- **Available data**
__________
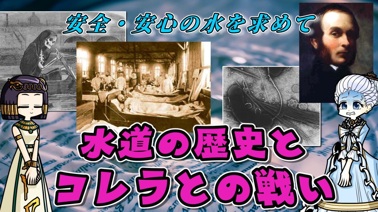 飲み水のビジネスってすごい市場みたいですね。ミネラルウォーター、ウォーターサーバー、蛇口につける浄水器とか… <br>でもでもね、日本の水道水って実はそのまま飲めるんですよ。 <br>とはいえ田舎者の中の人は東京の水とか口に含むとちょっと違和感を感じちゃうんですが。 <br>ともあれ、こんなに安全な水が飲めるようになったのは、先人たちの多大なる犠牲があってこそのものだったみたいですよ。 <br><br>☆ニコニコチャンネル「モンド・ヒストリカの離宮」 →<a href="https://ch.nicovideo.jp/mond-historica" target="_blank" rel="noopener nofollow">https://ch.nicovideo.jp/mond-historica</a> <br><br>今回の主要参考文献: <br>福田眞人(2024)『水と清潔 風呂・トイレ・水道の比較文化史』朝日新聞出版<br>スティーブン・ジョンソン(2017)『感染地図 歴史を変えた未知の病原体』矢野真知子訳 河出書房 <br>ウィリアム・H・マクニール(2007)『疫病と世界史』中央公論新社<br>スティーブン・ジョンソン(2024)『世界をつくった6つの革命の物語』大田直子訳 朝日新聞出版 <br>ルース・ドフリース(2021)『食糧と人類 飢餓を克服した大増産の文明史』小川敏子訳 日経BP <br>国土交通省「令和5年版 日本の水資源の現況」<a href="https://www.mlit.go.jp/mizukokudo/mizsei/content/001737484.pdf" target="_blank" rel="noopener nofollow">https://www.mlit.go.jp/mizukokudo/mizsei/content/001737484.pdf</a> <br>加藤茂孝(2016) 「人類と感染症との戦い 第7回 「コレラ」 激しい脱水症状」モダンメディア 62巻6号 31-42 <a href="https://www.eiken.co.jp/uploads/modern_media/literature/MM1606_06.pdf" target="_blank" rel="noopener nofollow">https://www.eiken.co.jp/uploads/modern_media/literature/MM1606_06.pdf</a> <br><br>その他 Wikipediaなど<br />━━━━━━━━━━━━━━━━━━━━━<br><br>この動画はクリエイティブ・コモンズ継承(CC-BY-SA)ライセンスの素材を使用して制作しています。(<a href="https://creativecommons.org/licenses/by-sa/4.0/)" target="_blank" rel="noopener nofollow">https://creativecommons.org/licenses/by-sa/4.0/)</a><br>規約に基づき、この動画もCC-BY-SA 4.0 のもとで公開します。<br><br>投稿者共通情報☆彡<br><br>BGM, SE:ニコニ・コモンズ様<br><a href="http://commons.nicovideo.jp/" target="_blank" rel="noopener nofollow">http://commons.nicovideo.jp/</a><br>魔王魂様<br><a href="https://maoudamashii.jokersounds.com/" target="_blank" rel="noopener nofollow">https://maoudamashii.jokersounds.com/</a><br>Audiostock様<br><a href="https://audiostock.jp/" target="_blank" rel="noopener nofollow">https://audiostock.jp/</a><br><br>立ち絵 霊夢・魔理沙(黒子式):nicotalk様<br><a href="http://www.nicotalk.com/charasozai.html" target="_blank" rel="noopener nofollow">http://www.nicotalk.com/charasozai.html</a><br><br>立ち絵 パトラ、マリー、アン、メアリ:ライフライフ様<br><a href="https://0801lifelife.tumblr.com/" target="_blank" rel="noopener nofollow">https://0801lifelife.tumblr.com/</a><br><br>使用ツール1:ゆっくりムービーメーカー4<br><a href="https://manjubox.net/ymm4/" target="_blank" rel="noopener nofollow">https://manjubox.net/ymm4/</a><br><br>使用ツール2:AviUtl<br><a href="http://spring-fragrance.mints.ne.jp/aviutl/" target="_blank" rel="noopener nofollow">http://spring-fragrance.mints.ne.jp/aviutl/</a><br><br>各時代の地図 : World History Maps & Timelines <br><a href="http://geacron.com/home-en/" target="_blank" rel="noopener nofollow">http://geacron.com/home-en/</a><br><br>ゆっくりボイスについて:AquesTalkライセンス取得済み<br><br>キャラクターボイス<br>アン・ボニー:羽ノ華(A.I.VOICE)<br>メアリ・リード:琴葉 葵(A.I.VOICE)<br>クレオパトラ:結月ゆかり(VOICEROID2)<br>マリー‐アントワネット:東北きりたん (VOICEROID EX)<br>その他キャラ:青山龍星(A.I.VOICE)、伊織弓鶴(A.I.VOICE2)、栗田まろん(A.I.VOICE)、宮舞モカ(VOICEPEAK)、フリモメン(VOICEPEAK)<br><br><br><br>その他フリー素材ご提供元の皆様に圧倒的感謝<br>
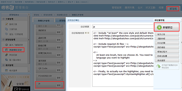 2. 然後在部落格管理的"側邊欄位設定"增加一個名為 JS 的側欄,或是在 「管理後台」-->「部落格管理」-->「側邊欄位設定」-->「頁尾描述」-->「設定」 加入 ,為了網頁美觀建議放在側欄最底部。
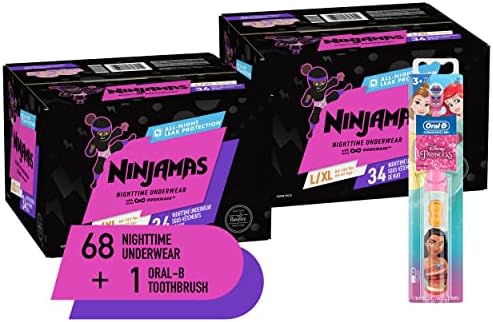 2 Ninjamas + Oral-B Toothbrush, Two Nighttime Training Pants Girls, 34 Count, Size L/XL (64-125 lbs) & Oral-B ProHealth Stages Power Kid's Toothbrush Disney Princess
__________
- **What you will do**
Repeat the data word for word, minus any pictures.

- **Solved exercise**
 飲み水のビジネスってすごい市場みたいですね。ミネラルウォーター、ウォーターサーバー、蛇口につける浄水器とか… <br>でもでもね、日本の水道水って実はそのまま飲めるんですよ。 <br>とはいえ田舎者の中の人は東京の水とか口に含むとちょっと違和感を感じちゃうんですが。 <br>ともあれ、こんなに安全な水が飲めるようになったのは、先人たちの多大なる犠牲があってこそのものだったみたいですよ。 <br><br>☆ニコニコチャンネル「モンド・ヒストリカの離宮」 →<a href="https://ch.nicovideo.jp/mond-historica" target="_blank" rel="noopener nofollow">https://ch.nicovideo.jp/mond-historica</a> <br><br>今回の主要参考文献: <br>福田眞人(2024)『水と清潔 風呂・トイレ・水道の比較文化史』朝日新聞出版<br>スティーブン・ジョンソン(2017)『感染地図 歴史を変えた未知の病原体』矢野真知子訳 河出書房 <br>ウィリアム・H・マクニール(2007)『疫病と世界史』中央公論新社<br>スティーブン・ジョンソン(2024)『世界をつくった6つの革命の物語』大田直子訳 朝日新聞出版 <br>ルース・ドフリース(2021)『食糧と人類 飢餓を克服した大増産の文明史』小川敏子訳 日経BP <br>国土交通省「令和5年版 日本の水資源の現況」<a href="https://www.mlit.go.jp/mizukokudo/mizsei/content/001737484.pdf" target="_blank" rel="noopener nofollow">https://www.mlit.go.jp/mizukokudo/mizsei/content/001737484.pdf</a> <br>加藤茂孝(2016) 「人類と感染症との戦い 第7回 「コレラ」 激しい脱水症状」モダンメディア 62巻6号 31-42 <a href="https://www.eiken.co.jp/uploads/modern_media/literature/MM1606_06.pdf" target="_blank" rel="noopener nofollow">https://www.eiken.co.jp/uploads/modern_media/literature/MM1606_06.pdf</a> <br><br>その他 Wikipediaなど<br />━━━━━━━━━━━━━━━━━━━━━<br><br>この動画はクリエイティブ・コモンズ継承(CC-BY-SA)ライセンスの素材を使用して制作しています。(<a href="https://creativecommons.org/licenses/by-sa/4.0/)" target="_blank" rel="noopener nofollow">https://creativecommons.org/licenses/by-sa/4.0/)</a><br>規約に基づき、この動画もCC-BY-SA 4.0 のもとで公開します。<br><br>投稿者共通情報☆彡<br><br>BGM, SE:ニコニ・コモンズ様<br><a href="http://commons.nicovideo.jp/" target="_blank" rel="noopener nofollow">http://commons.nicovideo.jp/</a><br>魔王魂様<br><a href="https://maoudamashii.jokersounds.com/" target="_blank" rel="noopener nofollow">https://maoudamashii.jokersounds.com/</a><br>Audiostock様<br><a href="https://audiostock.jp/" target="_blank" rel="noopener nofollow">https://audiostock.jp/</a><br><br>立ち絵 霊夢・魔理沙(黒子式):nicotalk様<br><a href="http://www.nicotalk.com/charasozai.html" target="_blank" rel="noopener nofollow">http://www.nicotalk.com/charasozai.html</a><br><br>立ち絵 パトラ、マリー、アン、メアリ:ライフライフ様<br><a href="https://0801lifelife.tumblr.com/" target="_blank" rel="noopener nofollow">https://0801lifelife.tumblr.com/</a><br><br>使用ツール1:ゆっくりムービーメーカー4<br><a href="https://manjubox.net/ymm4/" target="_blank" rel="noopener nofollow">https://manjubox.net/ymm4/</a><br><br>使用ツール2:AviUtl<br><a href="http://spring-fragrance.mints.ne.jp/aviutl/" target="_blank" rel="noopener nofollow">http://spring-fragrance.mints.ne.jp/aviutl/</a><br><br>各時代の地図 : World History Maps & Timelines <br><a href="http://geacron.com/home-en/" target="_blank" rel="noopener nofollow">http://geacron.com/home-en/</a><br><br>ゆっくりボイスについて:AquesTalkライセンス取得済み<br><br>キャラクターボイス<br>アン・ボニー:羽ノ華(A.I.VOICE)<br>メアリ・リード:琴葉 葵(A.I.VOICE)<br>クレオパトラ:結月ゆかり(VOICEROID2)<br>マリー‐アントワネット:東北きりたん (VOICEROID EX)<br>その他キャラ:青山龍星(A.I.VOICE)、伊織弓鶴(A.I.VOICE2)、栗田まろん(A.I.VOICE)、宮舞モカ(VOICEPEAK)、フリモメン(VOICEPEAK)<br><br><br><br>その他フリー素材ご提供元の皆様に圧倒的感謝<br>
 2. 然後在部落格管理的"側邊欄位設定"增加一個名為 JS 的側欄,或是在 「管理後台」-->「部落格管理」-->「側邊欄位設定」-->「頁尾描述」-->「設定」 加入 ,為了網頁美觀建議放在側欄最底部。
 2 Ninjamas + Oral-B Toothbrush, Two Nighttime Training Pants Girls, 34 Count, Size L/XL (64-125 lbs) & Oral-B ProHealth Stages Power Kid's Toothbrush Disney Princess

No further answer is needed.